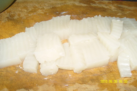 잘 성형된 올갱이 묵을 묵칼로 예쁘게 먹기 좋은 크기로 잘라서
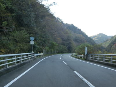 | 鍋谷トンネルを出てすぐに鍋谷峠から来た旧道との交差点を通過し、さらに少し下ると峠の反対側に向かう旧道との交差点を通過するが、こちらは閉鎖されていた。いくつかの橋を渡りながら下って行くが、旧道の上を通っている橋もある。 | ||
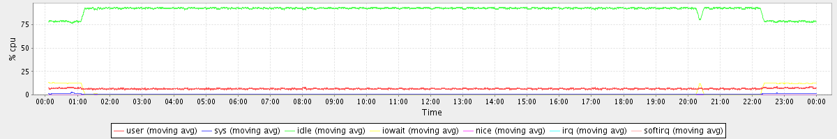 avg(user) = 6.48 avg(sys) = 0.70 avg(idle) = 91.15 avg(iowait) = 1.65 avg(nice) = 0.00 avg(irq) = 0.00 avg(softirq) = 0.01
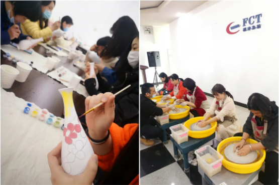 上午,一场精彩纷呈的艺术课堂“悦享陶艺”拉开了本次“三八”活动的序幕。在青州公司七楼多功能厅里,陶艺老师向女职工们讲解着陶艺的制作技巧,并亲自向大家演示陶艺制作中的拉胚过程。在老师耐心指导下,有的女职工在陶泥瓶上细心描画、上色,有的用拉胚机感触着泥巴在手中的变幻。由于大家都是初次制作,手法和技巧并不是很熟练,最终经过耐心的修改和想象力,大家都亲手完成了自己满意的陶艺作品。有的作品精致,有的十分富有创意,每件作品都展示出女职工心灵手巧、热爱生活的一面。
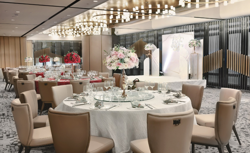 - •酒店提供多元化的婚宴場地,包括雅緻的室內宴會廳「逸軒」中菜廳和充滿綠意的三樓戶外草地「The Terrace」,適合舉辦中式、午宴、晚宴及戶外證婚。
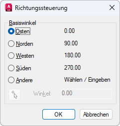 Legt die Richtung des Nullwinkels fest. Diese folgenden Optionen beeinflussen die Eingabe von Winkeln, das Anzeigeformat sowie die Eingabe von Polar-, Zylinder- und Kugelkoordinaten.
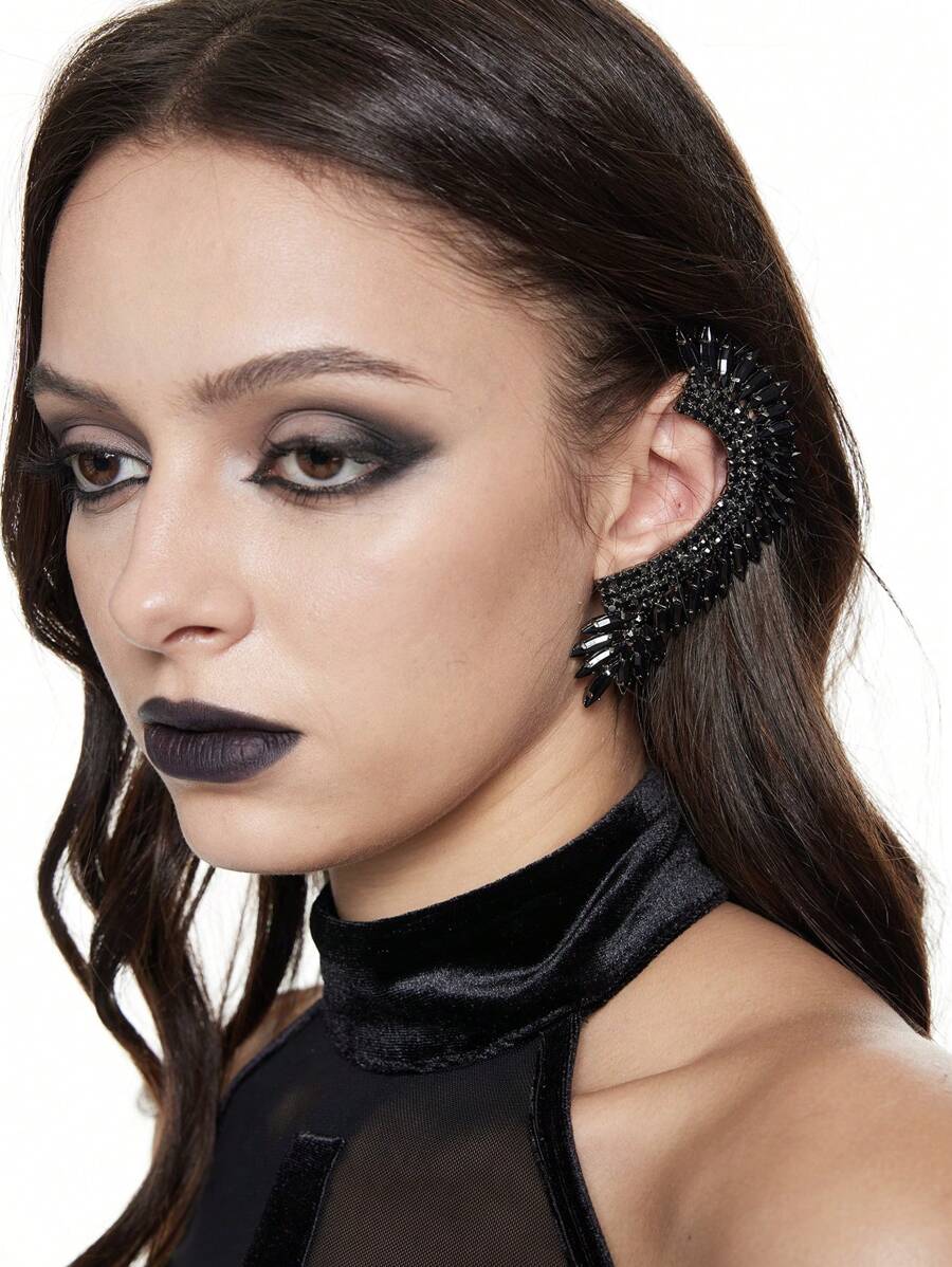 Goth Pendiente de clip con hoja llena de cristales exagerada de moda, para usar de un solo lado
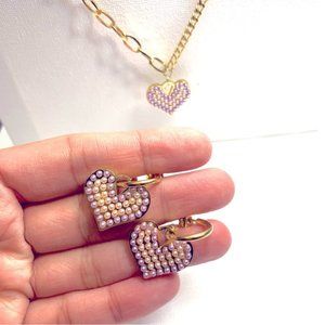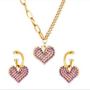 925 Sterling Silver Blue Crystal Heart Pendant Set
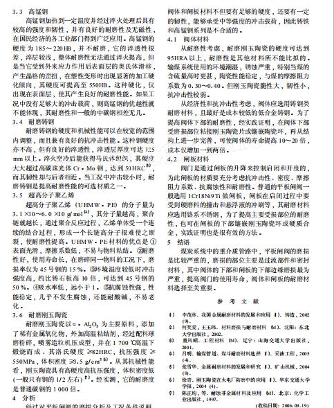 在煤炭系統(tǒng)中的重介質(zhì)管路中,平板閘閥的磨損是比較嚴(yán)重的,磨損的部位主要是過流部件和密封材料,其中閥體的下部和閘板的下部邊緣磨損最為嚴(yán)重,提高閥門的使用壽命,閥體和閘板的耐磨材料選擇至關(guān)重要。
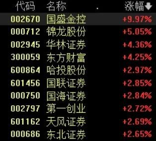 国盛金控涨停,锦龙股份、华林证券、哈投股份、天风证券、太平洋等跟涨。
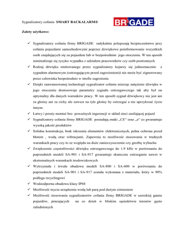 Sygnalizatory cofania SMART BACKALARM® Zalety użytkowe: Sygnalizatory cofania firmy BRIGADE radykalnie polepszają bezpieczeństwo przy cofaniu pojazdami samochodowymi poprzez dzwiękowe poinformowanie wszystkich osób znajdujących się za pojazdem lub w bezpośrednim jego otoczeniu. W ten sposób minimalizuje się ryzyko wypadku z udziałem pracowników czy osób postronnych Rodzaj dźwięku emitowanego przez sygnalizatory kojarzy się jednoznacznie z sygnałem alarmowym (ostrzegającym przed zagrożeniem)i nie może być zignorowany przez człowieka bezpośrednio w strefie zagrożenia Dzięki zaawansowanej technologii sygnalizator cofania mierząc natężenie dźwięku w jego otoczeniu dostosowuje parametry sygnału ostrzegawczego tak aby był on optymalny dla danych warunków pracy. W ten sposób sygnał dźwiękowy nie jest ani za głośny ani za cichy ale zawsze na tyle głośny by ostrzegać a nie uprzykrzać życie innym. Łatwy i prosty montaż bez poważnych ingerencji w układ sieci zasilającej pojazd Sygnalizatory cofania firmy BRIGADE posiadają znaki „CE“ oraz „e“ co gwarantuje wysoką jakość produktów Solidna konstrukcja, brak iskrzenia elementów elektronicznych, pełna ochrona przed błotem , wodą oraz wibracjami. Zapewnia to możliwość stosowania w trudnych warunkach pracy czy to ze względu na duże zanieczyszczenie czy groźbę wybuchu Zwiększenie częstotliwości dźwięku ostrzegawczego do 1.9 kHz w porównaniu do poprzednich modeli SA-901 i SA-917 gwarantuje skuteczne ostrzeganie nawet w ekstremalnych warunkach środowiskowych Wytrzymała i trwała obudowa modeli SA-800 i SA-600 w porównaniu do poprzednich modeli SA-901 i SA-917 została wykonana z materiału, który w 90% podlega recyclingowi Wodoodporna obudowa klasy IP68 Możliwość mycia urządzenia wodą lub parą pod dużym ciśnieniem Możliwość stosowania sygnalizatorów cofania firmy BRIGADE w szerokiej gamie pojazdów, pracujących zaludnionych na co dzień w bliskim sąsiedztwie terenów gęsto Sygnalizatory cofania SMART BACKALARM® Sygnalizator SA - 800 Dane techniczne: napięcie 12V-24V natężenie dźwieku 87dB-112dB częstotliwość dźwięku 1,9kHz pobór prądu 300mA wymiary (mm) 157(szerokość)x85(wysokość)x108(grubość) wodoodporność IP 68 Zalecane do stosowania w ciężarówkach, ładowarko-spycharkach, koparkach, pojazdach budowlanych. Sygnalizator SA - 600 Dane techniczne: natężenie dźwieku 87dB-107dB pozostałe parametry j.w. Sygnalizator SA - 400 Dane techniczne: napięcie 12V-24V natężenie dźwieku 87dB-102dB częstotliwość dźwięku 1,25kHz pobór prądu 200mA wymiary (mm) 100(szerokość) x 72(wysokość) x 32(grubość) wodoodporność IP 68 Zalecane do stosowania w ciężarówkach, budowlanych. Biuro handlowe: F.H. „Amervox” Sp. z o.o. ul. Warszawska 312 25-414 Kielce tel. 041/368-30-67 fax 041/346-21-18 kom.601480950 www.brigade.com.pl e-mail: [email protected]
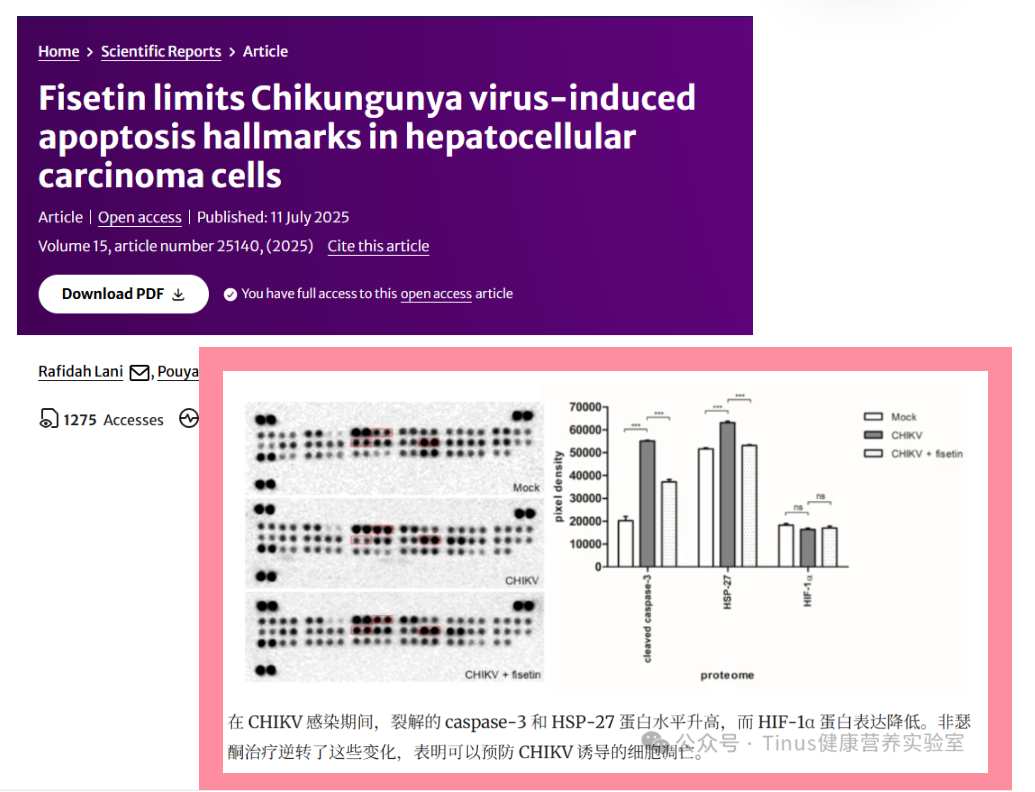8. Lani, R., Hassandarvish, P. & AbuBakar, S. Fisetin limits Chikungunya virus-induced apoptosis hallmarks in hepatocellular carcinoma cells. Sci Rep 15, 25140 (2025).

* [Task instructions]: Please ensure that the data above is repeated exactly, with no pictures in the copy.

* [Reply to the exercise]:
 잘 성형된 올갱이 묵을 묵칼로 예쁘게 먹기 좋은 크기로 잘라서
 | 鍋谷トンネルを出てすぐに鍋谷峠から来た旧道との交差点を通過し、さらに少し下ると峠の反対側に向かう旧道との交差点を通過するが、こちらは閉鎖されていた。いくつかの橋を渡りながら下って行くが、旧道の上を通っている橋もある。 | ||
 avg(user) = 6.48 avg(sys) = 0.70 avg(idle) = 91.15 avg(iowait) = 1.65 avg(nice) = 0.00 avg(irq) = 0.00 avg(softirq) = 0.01
 上午,一场精彩纷呈的艺术课堂“悦享陶艺”拉开了本次“三八”活动的序幕。在青州公司七楼多功能厅里,陶艺老师向女职工们讲解着陶艺的制作技巧,并亲自向大家演示陶艺制作中的拉胚过程。在老师耐心指导下,有的女职工在陶泥瓶上细心描画、上色,有的用拉胚机感触着泥巴在手中的变幻。由于大家都是初次制作,手法和技巧并不是很熟练,最终经过耐心的修改和想象力,大家都亲手完成了自己满意的陶艺作品。有的作品精致,有的十分富有创意,每件作品都展示出女职工心灵手巧、热爱生活的一面。
 - •酒店提供多元化的婚宴場地,包括雅緻的室內宴會廳「逸軒」中菜廳和充滿綠意的三樓戶外草地「The Terrace」,適合舉辦中式、午宴、晚宴及戶外證婚。
 Legt die Richtung des Nullwinkels fest. Diese folgenden Optionen beeinflussen die Eingabe von Winkeln, das Anzeigeformat sowie die Eingabe von Polar-, Zylinder- und Kugelkoordinaten.
 Goth Pendiente de clip con hoja llena de cristales exagerada de moda, para usar de un solo lado
 925 Sterling Silver Blue Crystal Heart Pendant Set
 在煤炭系統(tǒng)中的重介質(zhì)管路中,平板閘閥的磨損是比較嚴(yán)重的,磨損的部位主要是過流部件和密封材料,其中閥體的下部和閘板的下部邊緣磨損最為嚴(yán)重,提高閥門的使用壽命,閥體和閘板的耐磨材料選擇至關(guān)重要。
 国盛金控涨停,锦龙股份、华林证券、哈投股份、天风证券、太平洋等跟涨。
 Sygnalizatory cofania SMART BACKALARM® Zalety użytkowe: Sygnalizatory cofania firmy BRIGADE radykalnie polepszają bezpieczeństwo przy cofaniu pojazdami samochodowymi poprzez dzwiękowe poinformowanie wszystkich osób znajdujących się za pojazdem lub w bezpośrednim jego otoczeniu. W ten sposób minimalizuje się ryzyko wypadku z udziałem pracowników czy osób postronnych Rodzaj dźwięku emitowanego przez sygnalizatory kojarzy się jednoznacznie z sygnałem alarmowym (ostrzegającym przed zagrożeniem)i nie może być zignorowany przez człowieka bezpośrednio w strefie zagrożenia Dzięki zaawansowanej technologii sygnalizator cofania mierząc natężenie dźwięku w jego otoczeniu dostosowuje parametry sygnału ostrzegawczego tak aby był on optymalny dla danych warunków pracy. W ten sposób sygnał dźwiękowy nie jest ani za głośny ani za cichy ale zawsze na tyle głośny by ostrzegać a nie uprzykrzać życie innym. Łatwy i prosty montaż bez poważnych ingerencji w układ sieci zasilającej pojazd Sygnalizatory cofania firmy BRIGADE posiadają znaki „CE“ oraz „e“ co gwarantuje wysoką jakość produktów Solidna konstrukcja, brak iskrzenia elementów elektronicznych, pełna ochrona przed błotem , wodą oraz wibracjami. Zapewnia to możliwość stosowania w trudnych warunkach pracy czy to ze względu na duże zanieczyszczenie czy groźbę wybuchu Zwiększenie częstotliwości dźwięku ostrzegawczego do 1.9 kHz w porównaniu do poprzednich modeli SA-901 i SA-917 gwarantuje skuteczne ostrzeganie nawet w ekstremalnych warunkach środowiskowych Wytrzymała i trwała obudowa modeli SA-800 i SA-600 w porównaniu do poprzednich modeli SA-901 i SA-917 została wykonana z materiału, który w 90% podlega recyclingowi Wodoodporna obudowa klasy IP68 Możliwość mycia urządzenia wodą lub parą pod dużym ciśnieniem Możliwość stosowania sygnalizatorów cofania firmy BRIGADE w szerokiej gamie pojazdów, pracujących zaludnionych na co dzień w bliskim sąsiedztwie terenów gęsto Sygnalizatory cofania SMART BACKALARM® Sygnalizator SA - 800 Dane techniczne: napięcie 12V-24V natężenie dźwieku 87dB-112dB częstotliwość dźwięku 1,9kHz pobór prądu 300mA wymiary (mm) 157(szerokość)x85(wysokość)x108(grubość) wodoodporność IP 68 Zalecane do stosowania w ciężarówkach, ładowarko-spycharkach, koparkach, pojazdach budowlanych. Sygnalizator SA - 600 Dane techniczne: natężenie dźwieku 87dB-107dB pozostałe parametry j.w. Sygnalizator SA - 400 Dane techniczne: napięcie 12V-24V natężenie dźwieku 87dB-102dB częstotliwość dźwięku 1,25kHz pobór prądu 200mA wymiary (mm) 100(szerokość) x 72(wysokość) x 32(grubość) wodoodporność IP 68 Zalecane do stosowania w ciężarówkach, budowlanych. Biuro handlowe: F.H. „Amervox” Sp. z o.o. ul. Warszawska 312 25-414 Kielce tel. 041/368-30-67 fax 041/346-21-18 kom.601480950 www.brigade.com.pl e-mail: [email protected]
8. Lani, R., Hassandarvish, P. & AbuBakar, S. Fisetin limits Chikungunya virus-induced apoptosis hallmarks in hepatocellular carcinoma cells. Sci Rep 15, 25140 (2025).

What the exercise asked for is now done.